:: Exercise objective ::
Retype every line of the data below, starting with the first and ending with the line that contains "En remontant la", but leave out the pictures.

:: Records for this exercise ::
*** Block opens ***
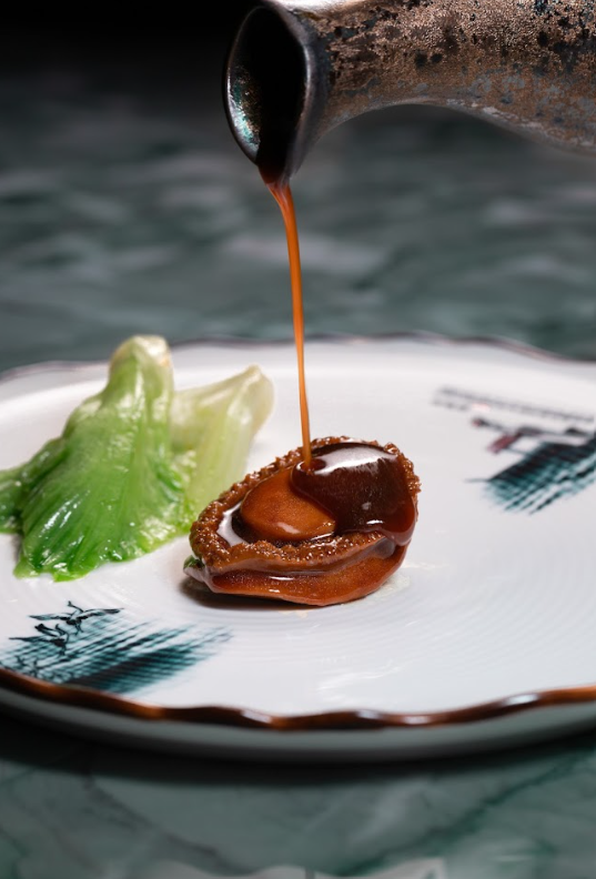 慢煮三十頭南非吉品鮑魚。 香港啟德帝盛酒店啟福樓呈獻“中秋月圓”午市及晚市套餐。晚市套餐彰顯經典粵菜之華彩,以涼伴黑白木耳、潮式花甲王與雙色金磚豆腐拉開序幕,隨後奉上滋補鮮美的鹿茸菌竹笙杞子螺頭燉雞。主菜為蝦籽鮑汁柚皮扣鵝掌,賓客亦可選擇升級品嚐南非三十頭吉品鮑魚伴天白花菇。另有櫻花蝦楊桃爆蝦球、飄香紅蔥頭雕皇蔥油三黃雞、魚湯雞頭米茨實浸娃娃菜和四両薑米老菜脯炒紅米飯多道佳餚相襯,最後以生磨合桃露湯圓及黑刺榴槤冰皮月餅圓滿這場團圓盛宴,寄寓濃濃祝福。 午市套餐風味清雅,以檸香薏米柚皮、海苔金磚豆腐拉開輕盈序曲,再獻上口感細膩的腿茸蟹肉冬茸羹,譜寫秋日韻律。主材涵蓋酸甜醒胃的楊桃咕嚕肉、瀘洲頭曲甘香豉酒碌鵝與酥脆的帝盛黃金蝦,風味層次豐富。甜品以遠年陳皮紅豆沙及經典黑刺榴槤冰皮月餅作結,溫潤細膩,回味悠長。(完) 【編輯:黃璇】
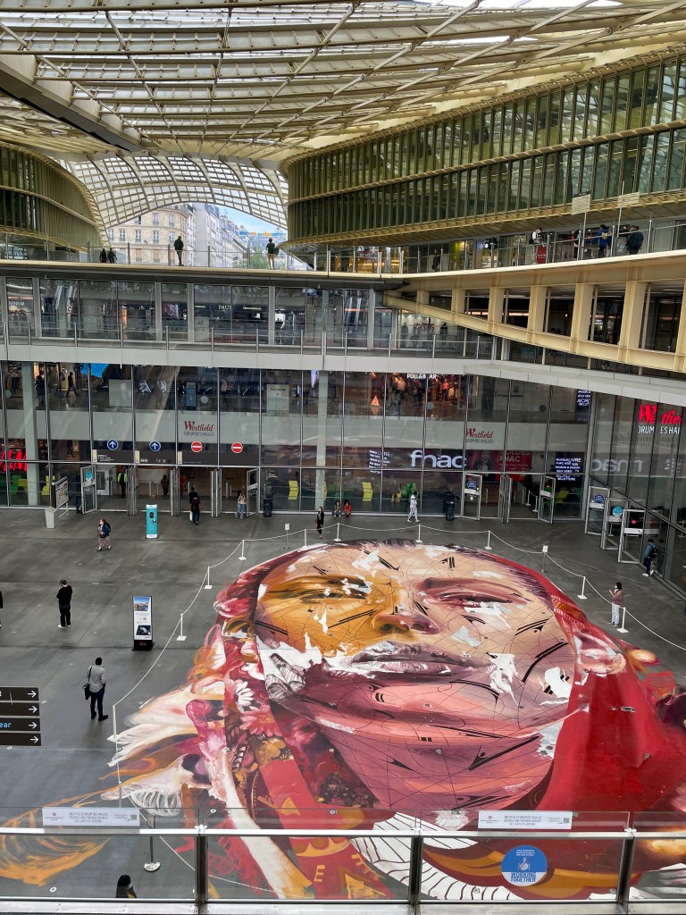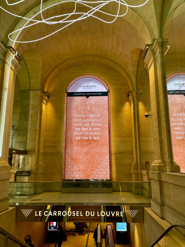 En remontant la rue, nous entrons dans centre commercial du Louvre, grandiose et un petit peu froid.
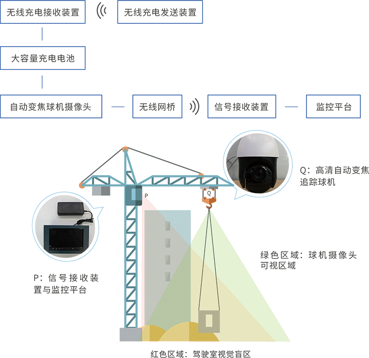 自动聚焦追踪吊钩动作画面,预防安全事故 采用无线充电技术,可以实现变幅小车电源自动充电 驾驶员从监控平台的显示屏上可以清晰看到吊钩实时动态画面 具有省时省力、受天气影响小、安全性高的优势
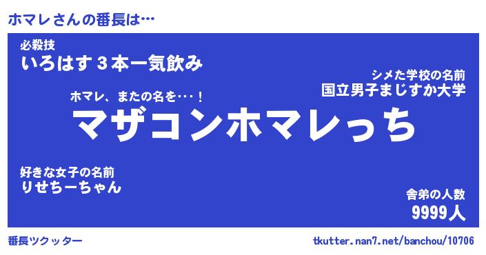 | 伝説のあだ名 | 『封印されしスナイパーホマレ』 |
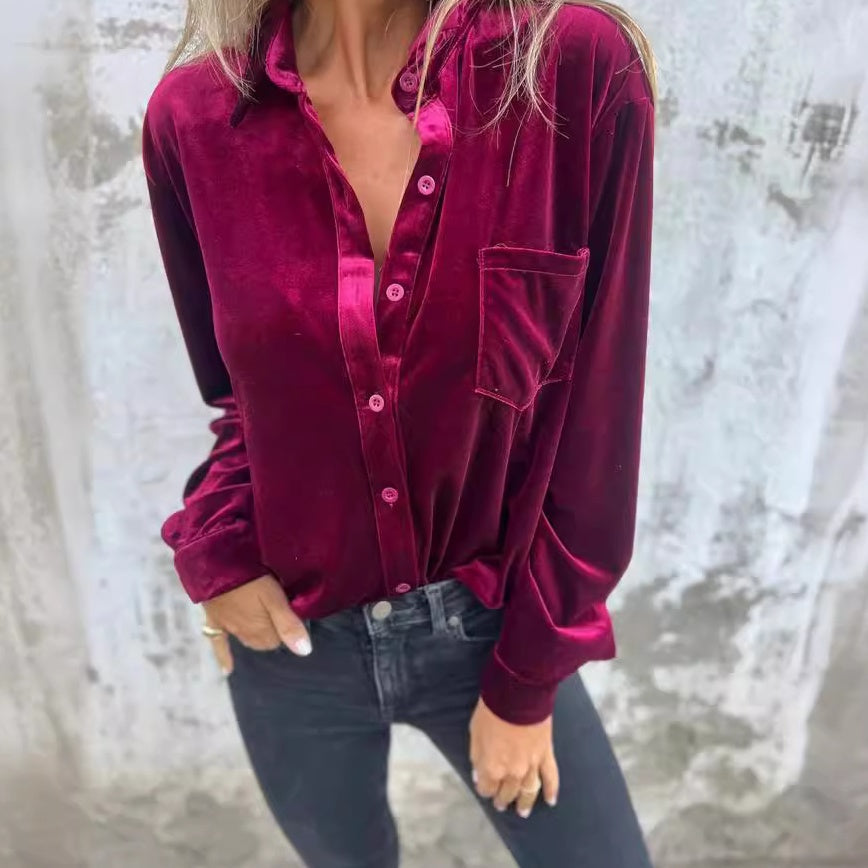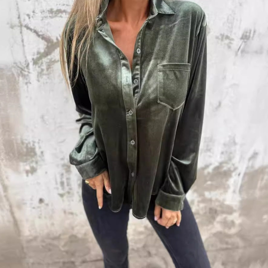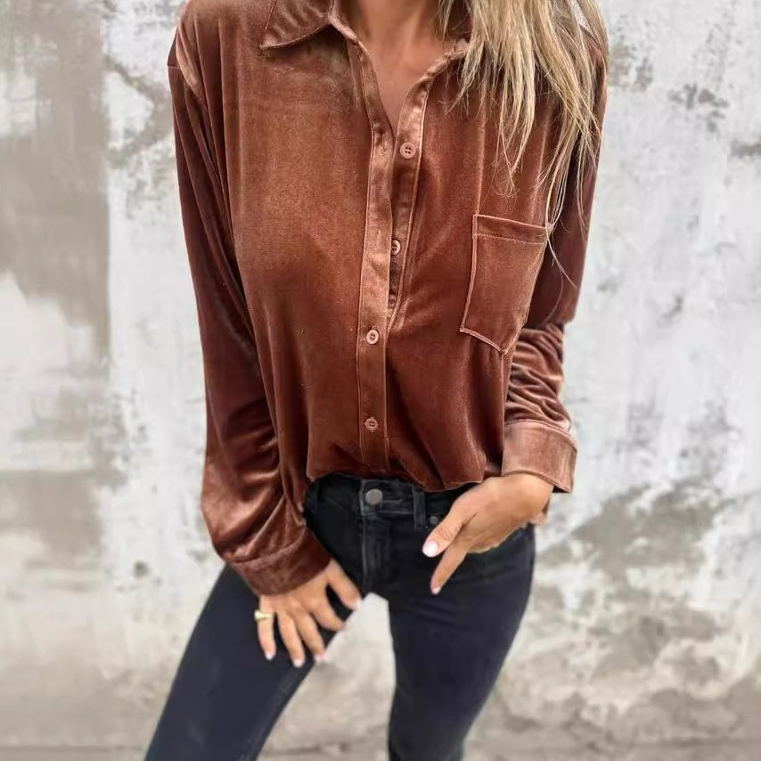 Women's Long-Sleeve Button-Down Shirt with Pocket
*** Block closes ***
:: Your response ::
 慢煮三十頭南非吉品鮑魚。 香港啟德帝盛酒店啟福樓呈獻“中秋月圓”午市及晚市套餐。晚市套餐彰顯經典粵菜之華彩,以涼伴黑白木耳、潮式花甲王與雙色金磚豆腐拉開序幕,隨後奉上滋補鮮美的鹿茸菌竹笙杞子螺頭燉雞。主菜為蝦籽鮑汁柚皮扣鵝掌,賓客亦可選擇升級品嚐南非三十頭吉品鮑魚伴天白花菇。另有櫻花蝦楊桃爆蝦球、飄香紅蔥頭雕皇蔥油三黃雞、魚湯雞頭米茨實浸娃娃菜和四両薑米老菜脯炒紅米飯多道佳餚相襯,最後以生磨合桃露湯圓及黑刺榴槤冰皮月餅圓滿這場團圓盛宴,寄寓濃濃祝福。 午市套餐風味清雅,以檸香薏米柚皮、海苔金磚豆腐拉開輕盈序曲,再獻上口感細膩的腿茸蟹肉冬茸羹,譜寫秋日韻律。主材涵蓋酸甜醒胃的楊桃咕嚕肉、瀘洲頭曲甘香豉酒碌鵝與酥脆的帝盛黃金蝦,風味層次豐富。甜品以遠年陳皮紅豆沙及經典黑刺榴槤冰皮月餅作結,溫潤細膩,回味悠長。(完) 【編輯:黃璇】
 En remontant la rue, nous entrons dans centre commercial du Louvre, grandiose et un petit peu froid.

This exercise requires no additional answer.